_What you should do_. Lines from the one holding "比赛结束后,师生队员相互击掌" through the end of the entries, inclusive, form the whole output; reproduce them exactly and omit pictures.

_Source material_.
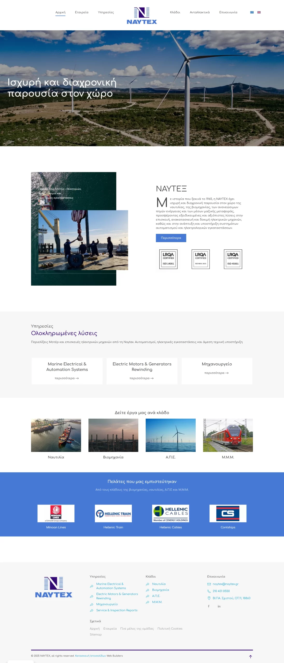 Από το 1965 η NAYTEX έχει ισχυρή και διαχρονική παρουσία στον χώρο της ναυτιλίας, της βιομηχανίας, των ανανεώσιμων πηγών ενέργειας και των μέσων μαζικής μεταφοράς, προσφέροντας εξειδικευμένες και αξιόπιστες λύσεις στην επισκευή, ανακατασκευή και δοκιμή ηλεκτρικών μηχανών, καθώς και στην ανάπτυξη και υποστήριξη συστημάτων αυτοματισμού και ηλεκτρολογικών εγκαταστάσεων
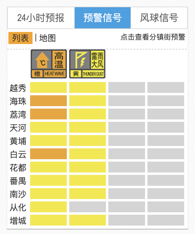 截至11日16时13分,除从化区外,广州其余各区均已发布雷雨大风黄色预警信号;另外,广州所有行政区均仍维持发布高温黄色或以上等级预警信号,其中海珠、荔湾、白云发布高温橙色预警信号。随着高温和雨势发展,不排除广州各区后续继续发布或调整预警信号,请市民做好防御工作。
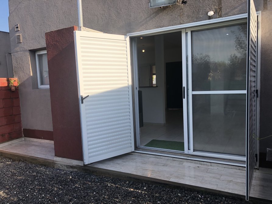 Living al frente y Estar Comedor con ventana balcón al fondo con postigon de aluminio y estufa de tiro balanceado
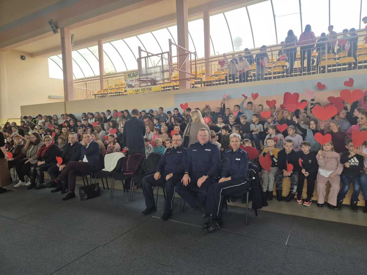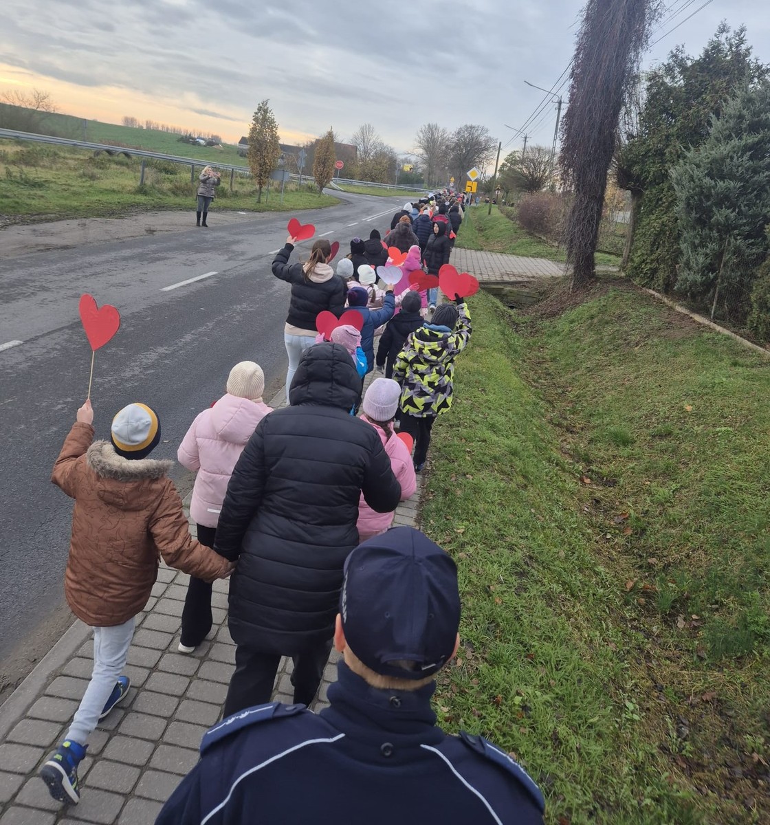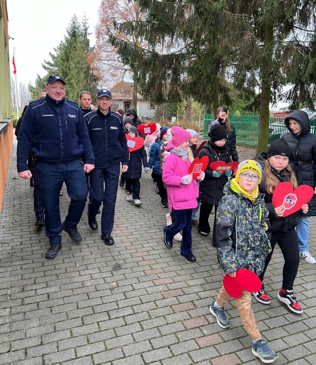 Wczoraj (19.11.2025) policjantka prewencji asp. Magdalena Pollak wspólnie z dzielnicowymi mł. asp. Dariuszem Banaszakiem i asp. Grzegorzem Batkowskim odwiedzili Zespół Szkół w Dąbrowie. Wizyta miała związek z organizacją w placówce obchodów ogólnopolskiej kampanii „Dzieciństwo bez przemocy”. Funkcjonariusze spotkali się z dziećmi i młodzieżą, informowali o zjawisku przemocy i przekazywali praktyczne wskazówki, gdzie szukać pomocy. Dzięki takim spotkaniom młodzi ludzie uczą się rozpoznawać zachowania nieakceptowalne, rozumieć swoje prawa i zwracać się po pomoc, gdy jest ona potrzebna. Tego dnia odbyło się rozstrzygnięcie konkursu plastycznego związanego z tematyką dzieciństwa bez przemocy i marsz uczniów i nauczycieli, będący wyrazem solidarności z ideą przeciwdziałania przemocy wobec dzieci i młodzieży. Ponadto o godzinie 17:00 przy budynku mogileńskiej komendy stanęli Burmistrz Mogilna Karol Nawrot, jego Zastępca Marcin Łączny, pracownicy MGOPS w Mogilnie oraz dzieci z Ogniska Wychowawczego, aby podświetlić komendę na czerwono, w geście sprzeciwu wobec krzywdzenia najmłodszych.
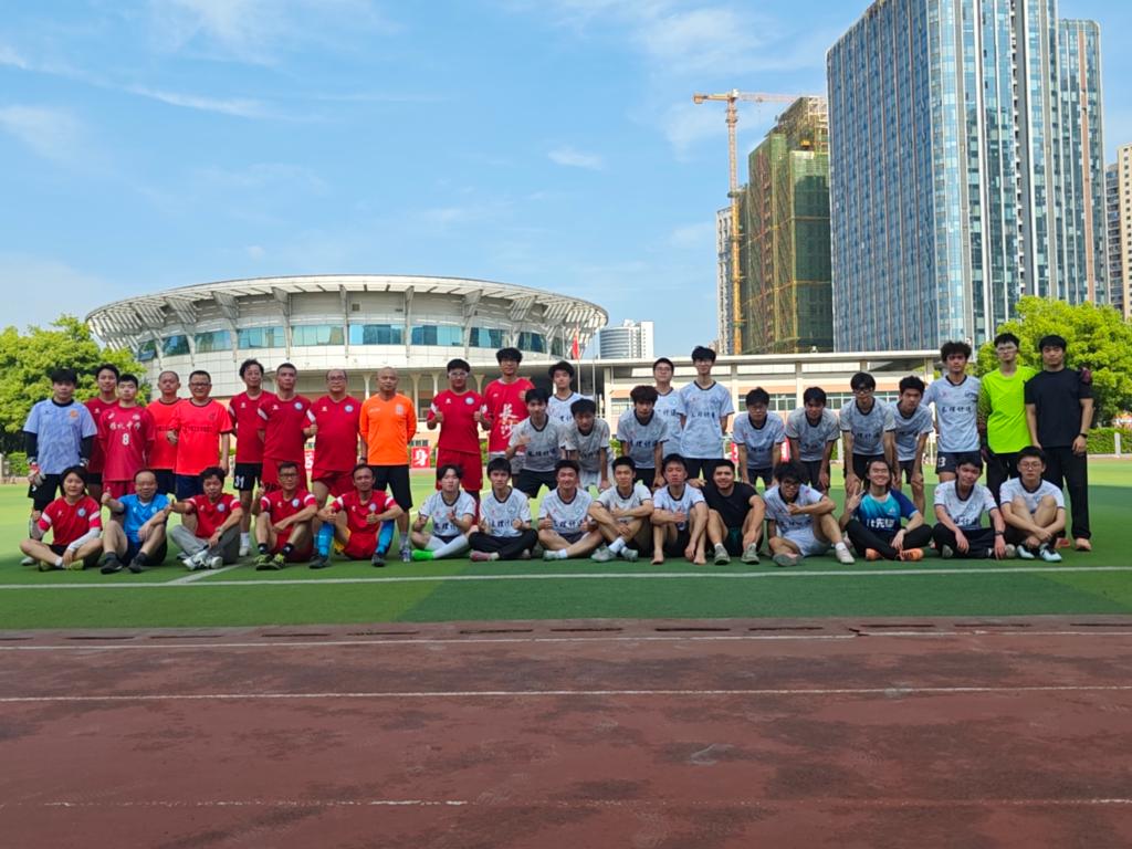 比赛结束后,师生队员相互击掌致意、并肩合影,现场氛围温暖融洽。此次友谊赛不仅让学生看到了教师课堂之外的别样风采,深化了师生间的理解与信任,更丰富了校园文体生活,推动了校园体育文化建设,进一步凝聚了师生奋进力量。
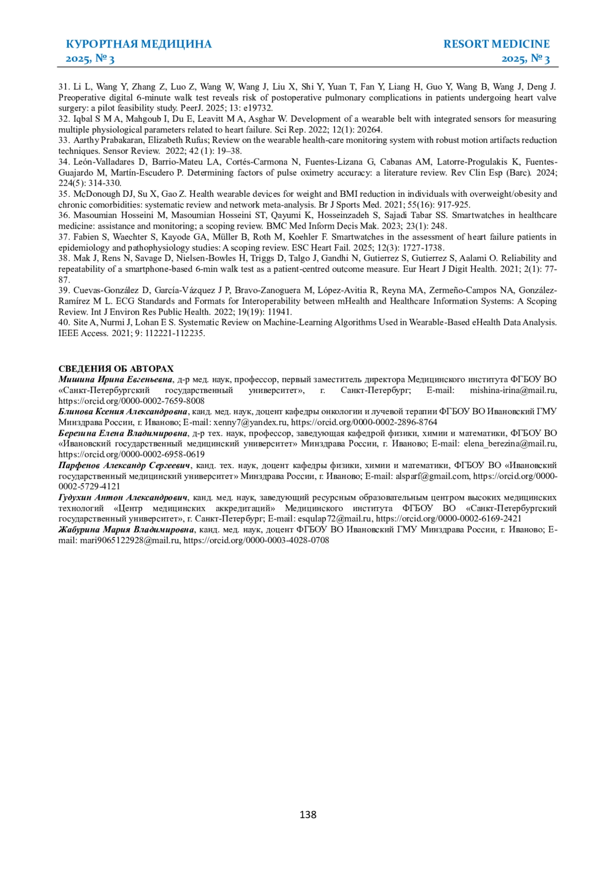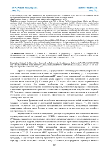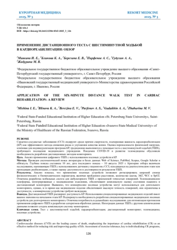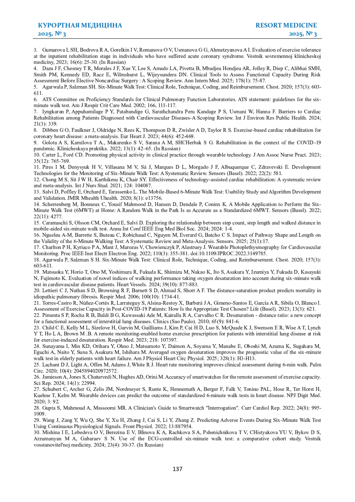 30. Мишина И. Е., Лебедева О. В., Березина Е. В., Блинова К. А., Рачкова С. А., Пшеничникова Т. В., Чистякова Ю. В., Быков Д. С., Арзуманян М. А., Габараев С. Н. Применение ЭКГ-контролируемого теста с шестиминутной ходьбой: сравнительное когортное исследование. Вестник восстановительной медицины. 2024; 23(4): 30-37. DOI: 10.38025/2078-1962-2024-23-4-30-37
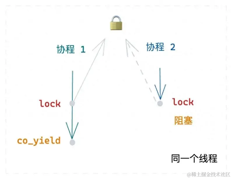 可以很好的解决这里的问题,协程 1 持有了锁,主动让出 CPU,协程 2 尝试获取锁,肯定获取不到,就会主动 yield,协程 1 继续执行,执行完后,释放锁,协程 2 就可以获取得到锁,继续执行。
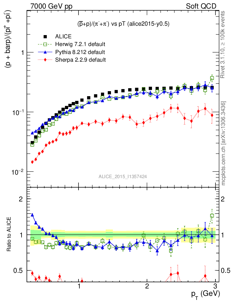 Soft QCD (inelastic) : Identified Particles : Ratios : (pbar+p)/(π-+π+) vs pT

_Exercise output_.
 比赛结束后,师生队员相互击掌致意、并肩合影,现场氛围温暖融洽。此次友谊赛不仅让学生看到了教师课堂之外的别样风采,深化了师生间的理解与信任,更丰富了校园文体生活,推动了校园体育文化建设,进一步凝聚了师生奋进力量。
 30. Мишина И. Е., Лебедева О. В., Березина Е. В., Блинова К. А., Рачкова С. А., Пшеничникова Т. В., Чистякова Ю. В., Быков Д. С., Арзуманян М. А., Габараев С. Н. Применение ЭКГ-контролируемого теста с шестиминутной ходьбой: сравнительное когортное исследование. Вестник восстановительной медицины. 2024; 23(4): 30-37. DOI: 10.38025/2078-1962-2024-23-4-30-37
 可以很好的解决这里的问题,协程 1 持有了锁,主动让出 CPU,协程 2 尝试获取锁,肯定获取不到,就会主动 yield,协程 1 继续执行,执行完后,释放锁,协程 2 就可以获取得到锁,继续执行。
 Soft QCD (inelastic) : Identified Particles : Ratios : (pbar+p)/(π-+π+) vs pT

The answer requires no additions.